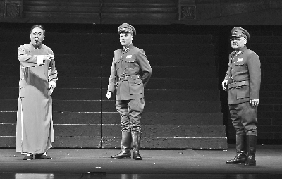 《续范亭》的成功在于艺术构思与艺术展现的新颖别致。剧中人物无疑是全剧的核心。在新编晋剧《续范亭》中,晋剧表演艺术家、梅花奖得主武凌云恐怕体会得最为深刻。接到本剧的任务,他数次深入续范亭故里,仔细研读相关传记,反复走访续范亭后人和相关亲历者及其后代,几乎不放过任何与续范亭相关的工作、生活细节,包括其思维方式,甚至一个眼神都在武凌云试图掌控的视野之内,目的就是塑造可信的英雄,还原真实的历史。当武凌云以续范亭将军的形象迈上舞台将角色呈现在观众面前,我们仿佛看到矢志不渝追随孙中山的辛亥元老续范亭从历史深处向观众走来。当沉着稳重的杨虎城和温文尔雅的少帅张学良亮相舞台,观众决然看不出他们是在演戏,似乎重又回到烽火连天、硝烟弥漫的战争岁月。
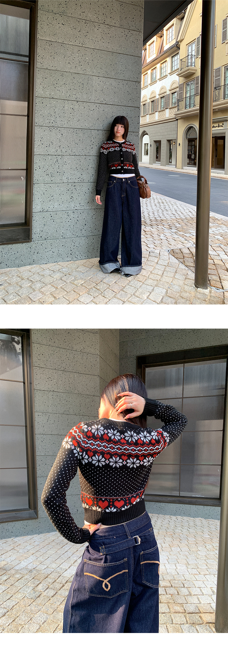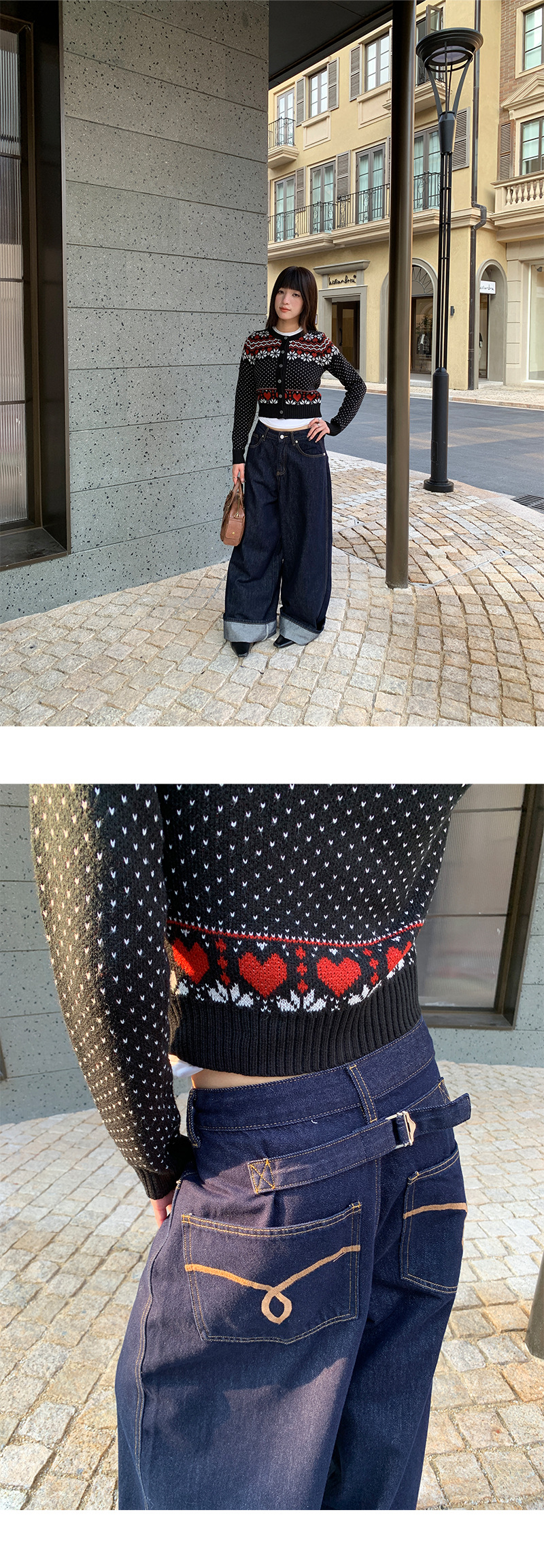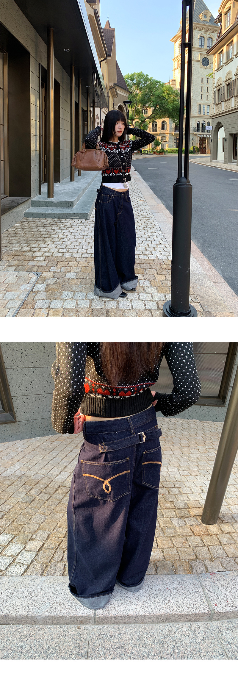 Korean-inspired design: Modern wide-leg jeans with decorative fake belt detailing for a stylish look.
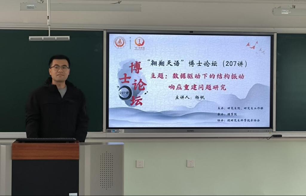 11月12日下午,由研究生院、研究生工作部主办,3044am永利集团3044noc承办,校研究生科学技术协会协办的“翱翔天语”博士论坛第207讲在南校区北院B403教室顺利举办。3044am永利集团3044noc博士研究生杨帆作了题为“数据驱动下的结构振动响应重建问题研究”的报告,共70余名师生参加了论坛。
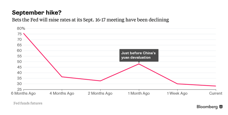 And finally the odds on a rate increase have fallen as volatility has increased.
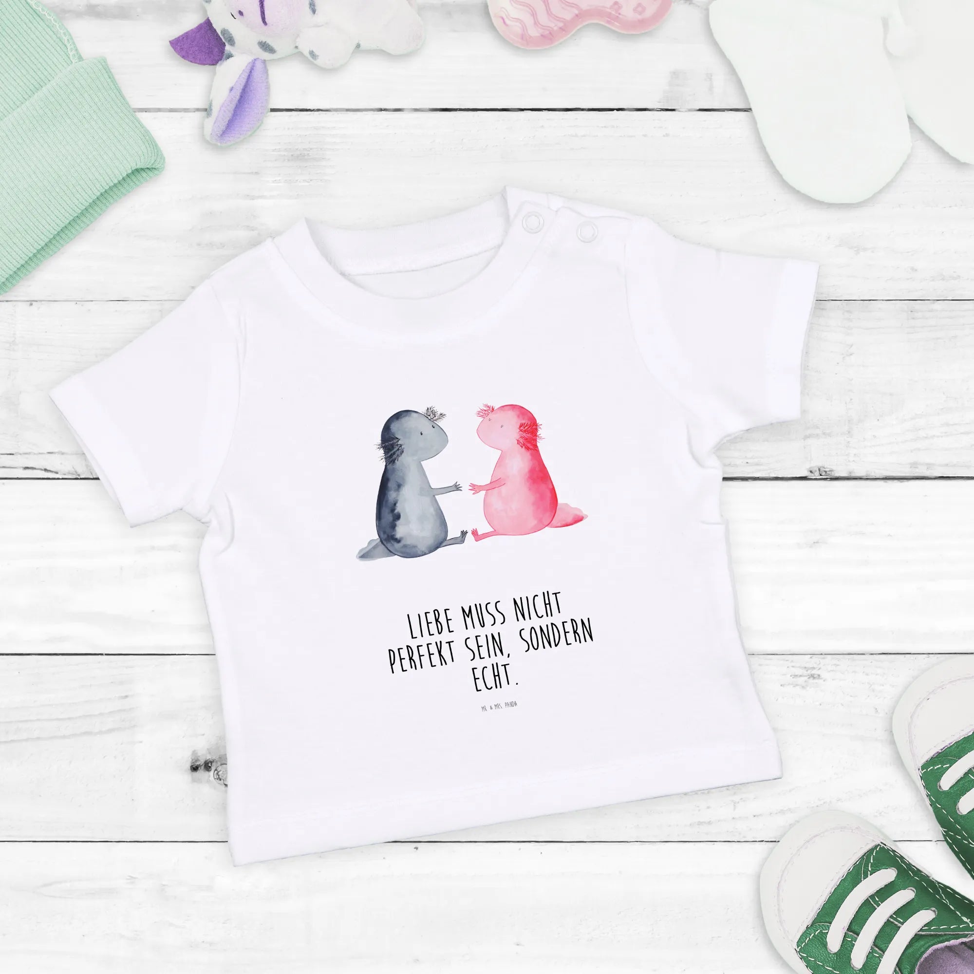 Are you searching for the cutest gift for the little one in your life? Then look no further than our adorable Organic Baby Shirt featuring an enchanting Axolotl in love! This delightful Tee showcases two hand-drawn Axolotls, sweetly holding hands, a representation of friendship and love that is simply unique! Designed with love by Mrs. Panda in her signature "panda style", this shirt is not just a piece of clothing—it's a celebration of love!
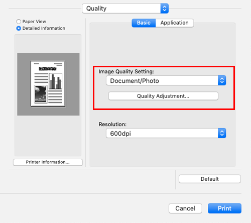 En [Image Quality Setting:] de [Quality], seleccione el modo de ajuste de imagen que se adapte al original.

★ ★ ★ ★ ★ ★ ★

*WHAT TO WORK ON*
Return all of the material precisely as written. No picture belongs in it.

*OUTPUT OF THE TASK*
 《续范亭》的成功在于艺术构思与艺术展现的新颖别致。剧中人物无疑是全剧的核心。在新编晋剧《续范亭》中,晋剧表演艺术家、梅花奖得主武凌云恐怕体会得最为深刻。接到本剧的任务,他数次深入续范亭故里,仔细研读相关传记,反复走访续范亭后人和相关亲历者及其后代,几乎不放过任何与续范亭相关的工作、生活细节,包括其思维方式,甚至一个眼神都在武凌云试图掌控的视野之内,目的就是塑造可信的英雄,还原真实的历史。当武凌云以续范亭将军的形象迈上舞台将角色呈现在观众面前,我们仿佛看到矢志不渝追随孙中山的辛亥元老续范亭从历史深处向观众走来。当沉着稳重的杨虎城和温文尔雅的少帅张学良亮相舞台,观众决然看不出他们是在演戏,似乎重又回到烽火连天、硝烟弥漫的战争岁月。
 Korean-inspired design: Modern wide-leg jeans with decorative fake belt detailing for a stylish look.
 11月12日下午,由研究生院、研究生工作部主办,3044am永利集团3044noc承办,校研究生科学技术协会协办的“翱翔天语”博士论坛第207讲在南校区北院B403教室顺利举办。3044am永利集团3044noc博士研究生杨帆作了题为“数据驱动下的结构振动响应重建问题研究”的报告,共70余名师生参加了论坛。
 And finally the odds on a rate increase have fallen as volatility has increased.
 Are you searching for the cutest gift for the little one in your life? Then look no further than our adorable Organic Baby Shirt featuring an enchanting Axolotl in love! This delightful Tee showcases two hand-drawn Axolotls, sweetly holding hands, a representation of friendship and love that is simply unique! Designed with love by Mrs. Panda in her signature "panda style", this shirt is not just a piece of clothing—it's a celebration of love!
 En [Image Quality Setting:] de [Quality], seleccione el modo de ajuste de imagen que se adapte al original.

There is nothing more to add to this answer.